**WHAT TO WORK ON**
Using the records below, filter for lines that contain the string "have" and copy them out.

**Excerpts from a dataset**
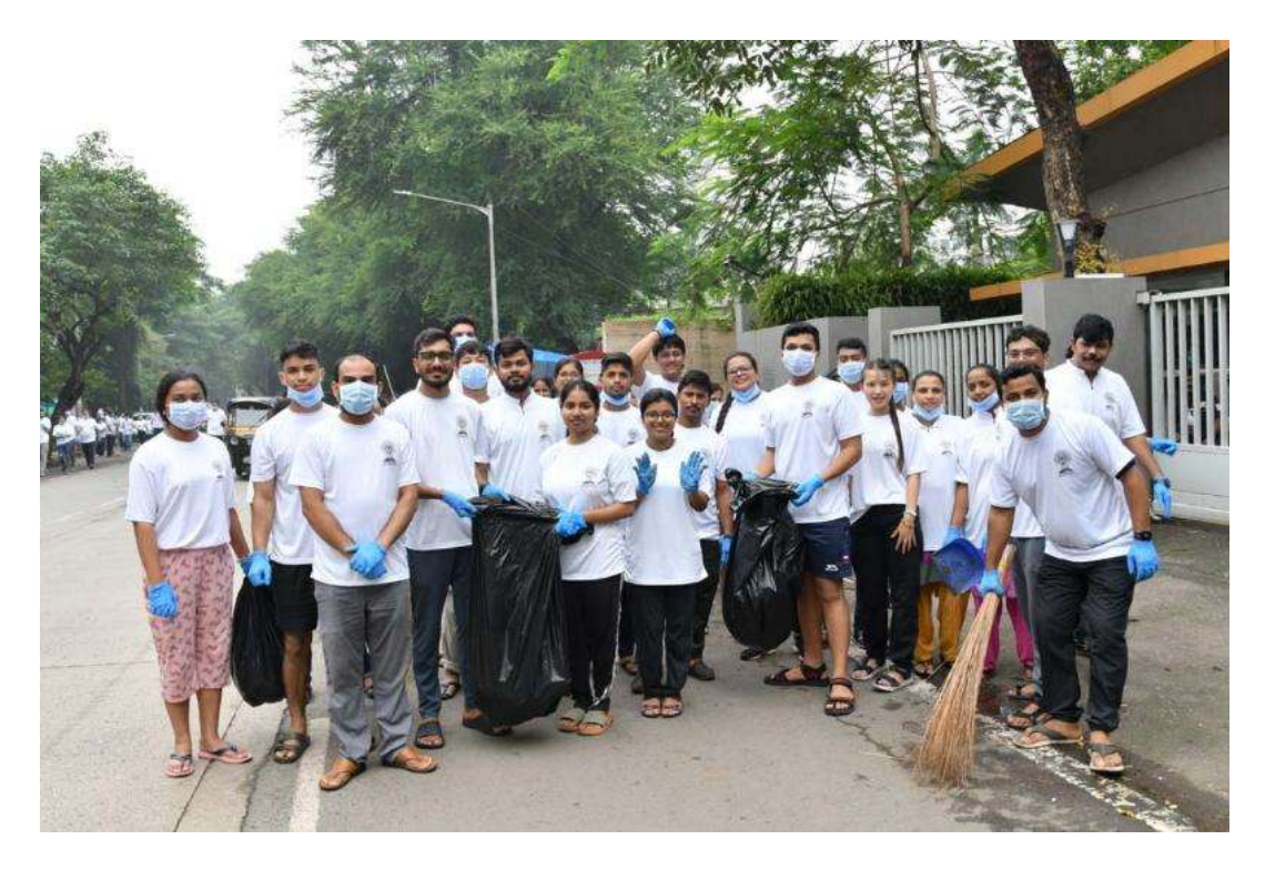
Beyond the campus environmental promotional activities

7.1.6 - Quality audits on environment and energy are regularly undertaken by the institution
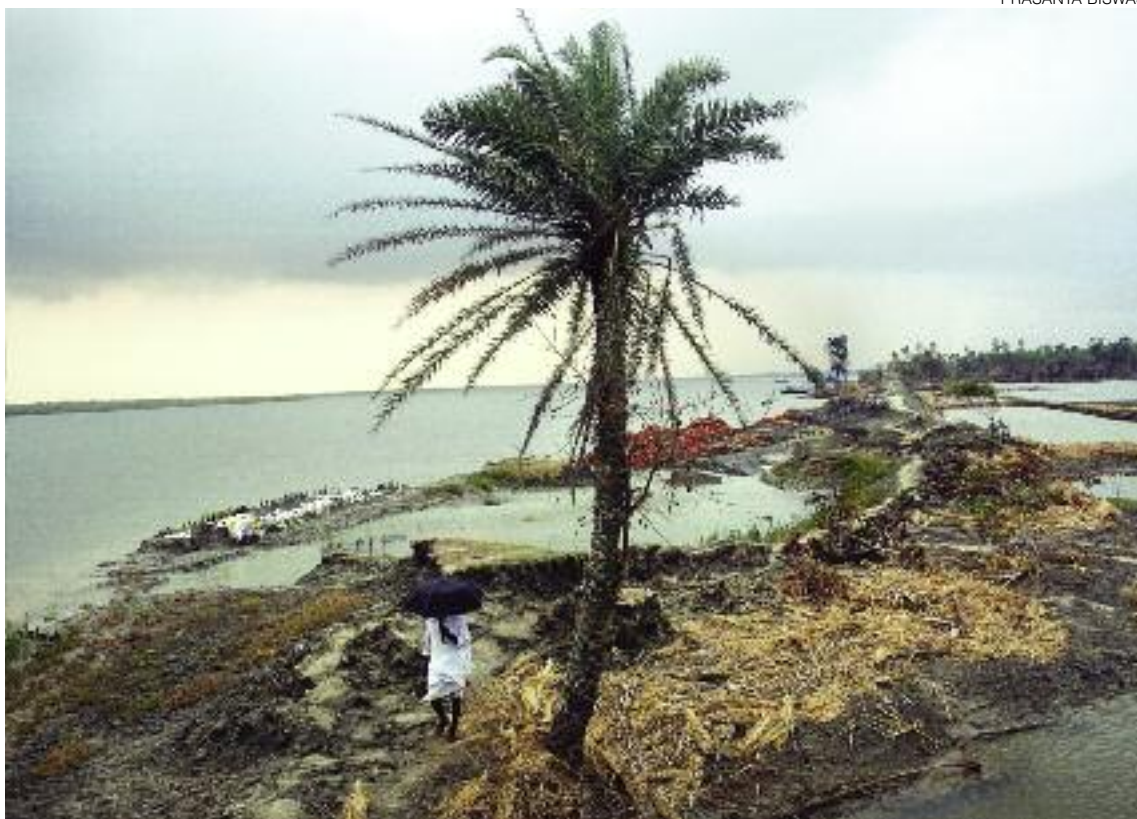
The sea is swallowing the Sunderbans

Islands in the Sunderbans region of West Bengal are disappearing one by one. The reason is sea rise caused by global warming. Ghoramara, Lohachhara and Suparibhanga islands have already been swallowed by the rising waters of the Bay of Bengal. Cyclones are increasing in ferocity. Last year Cyclone Aila devastated the Sunderbans. The swirling waters of the sea make the land turn saline and unfit for agriculture or for drinking. Millions are expected to become homeless in the coming years. There is no land available for resettling climate-change refugees.
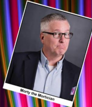
Mory the Mortician
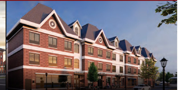
North Hamilton Project - 405 North Avenue

This new mixed use apartment will have 62 residential units with ground level retail and commercial space, and parking to allow new businesses and residents to call our Miracle Mile home. This project was approved by the Dunellen Planning Board at the September 23, 2024 meeting and will be replacing underutilized and underdeveloped property in our downtown.
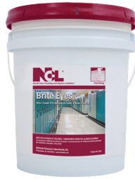
Brite Eyes ™ (#0521)
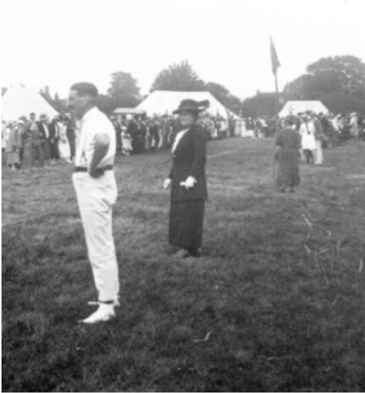
Watching the games at an earlier Fete on the School Field
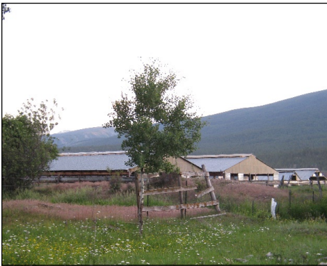
ROCKY MOUNTAIN FUR COMPANY HAMILTON, MT
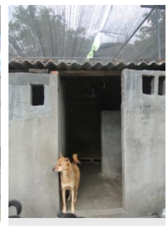
The top of the shelter is now fixed
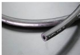
9mm inner diameter fuel rubber hose

**TASK ANSWER**
Islands in the Sunderbans region of West Bengal are disappearing one by one. The reason is sea rise caused by global warming. Ghoramara, Lohachhara and Suparibhanga islands have already been swallowed by the rising waters of the Bay of Bengal. Cyclones are increasing in ferocity. Last year Cyclone Aila devastated the Sunderbans. The swirling waters of the sea make the land turn saline and unfit for agriculture or for drinking. Millions are expected to become homeless in the coming years. There is no land available for resettling climate-change refugees.
This new mixed use apartment will have 62 residential units with ground level retail and commercial space, and parking to allow new businesses and residents to call our Miracle Mile home. This project was approved by the Dunellen Planning Board at the September 23, 2024 meeting and will be replacing underutilized and underdeveloped property in our downtown.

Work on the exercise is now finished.